While the construction of tax informatization continues to flourish, the risks of network and information security are gradually revealed. First, with the development of taxation and the requirements of business systems, tax authorities at all levels have gradually realized networking and information exchange with relevant external departments. In addition, in order to facilitate taxpayers to pay taxes, the Xinjiang local tax system has opened Internet declaration, online inquiry and other services. The local tax system network has transformed from a completely closed intranet in the past to a network that is logically isolated from the external network and the Internet. Second, most of the key equipment in networks and information systems, such as hosts, routers, switches, and operating systems, use foreign products, which poses major technical and security risks. Third, the level of computer application operators in the system is uneven. In addition, due to insufficient funds, safety protection equipment and technical means are not satisfactory.
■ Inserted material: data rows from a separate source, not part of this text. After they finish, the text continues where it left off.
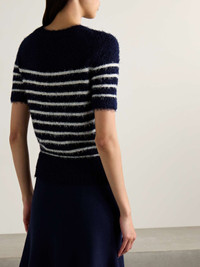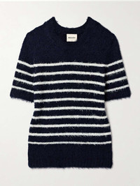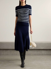 EDITORS'NOTES KHAITE's striped 'Luphia' T-shirt is knitted from a silk and cashmere-blend with an exceptionally soft handle. It's designed for a slim fit and finished with wide ribbed trims. SIZE & FIT - Fits true to size, take your normal size - Designed for a slim fit - Lightweight knit - Model is 180cm/ 5’11” and is wearing a size XSmall DETAILS & CARE - Navy and cream silk and cashmere-blend - Slips on - 58% silk, 42% cashmere
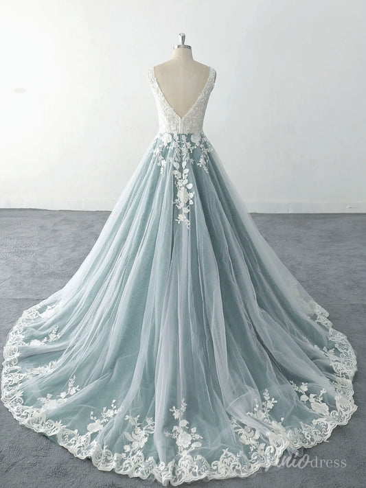 Romantic Dusty Blue Wedding Dress with Floral Lace Appliques, V-Neck Bodice, and Scalloped Lace Hem – FW219
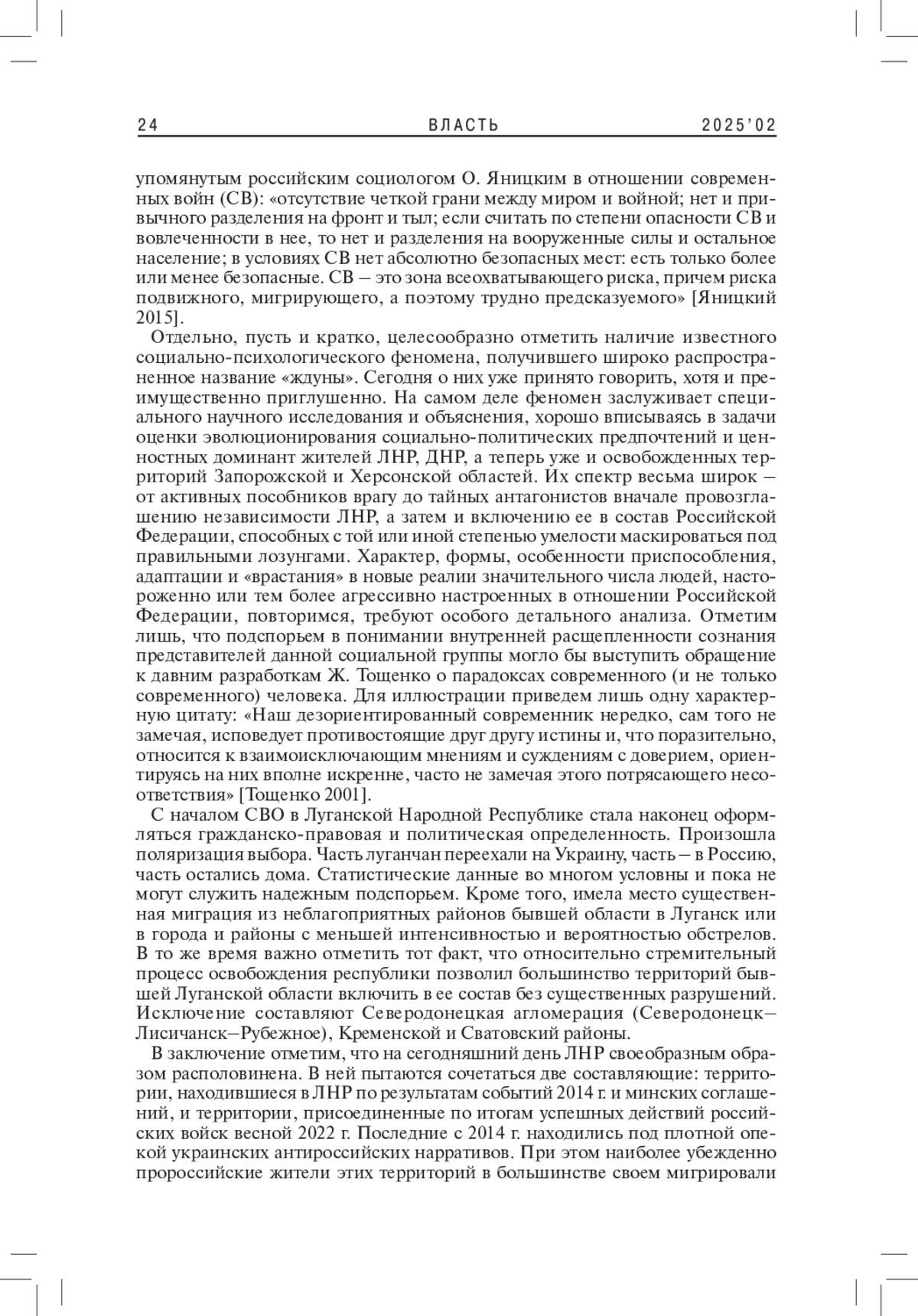 5. Яницкий О.Н. 2015. Современные войны: взгляд социолога. - Социологические исследования. № 5. С. 156-164. EDN: TUHQZR

Fourth, hostile forces and profit-driven criminals have been ready to move, posing a huge threat to the country's important fiscal and financial sectors. The above aspects constitute the main risks of tax system network and information security.

2. Established and improved network and information security organizations

In order to ensure that network and information security work is taken seriously and measures can be implemented in a timely manner, the Yili Prefecture Local Taxation Bureau established a network and information security organization Leading Group:

Team leader: Chief Economist Cheng Aimin

Members: Che Yanxia, ??Wang Shoufeng, Wang Hongxing, Liu Zhonghui, Wang Zhong, Ouyang Can, Wang Hua, Chu Tianyu

The leading group has an office, which is specifically responsible for daily work. The director is Che Yanxia, ??the director of the information department, and the deputy director is Wang Shoufeng, deputy director of the office. The members are: Wang Hongxing, Liu Zhonghui, Wang Zhong, and Wang Hua.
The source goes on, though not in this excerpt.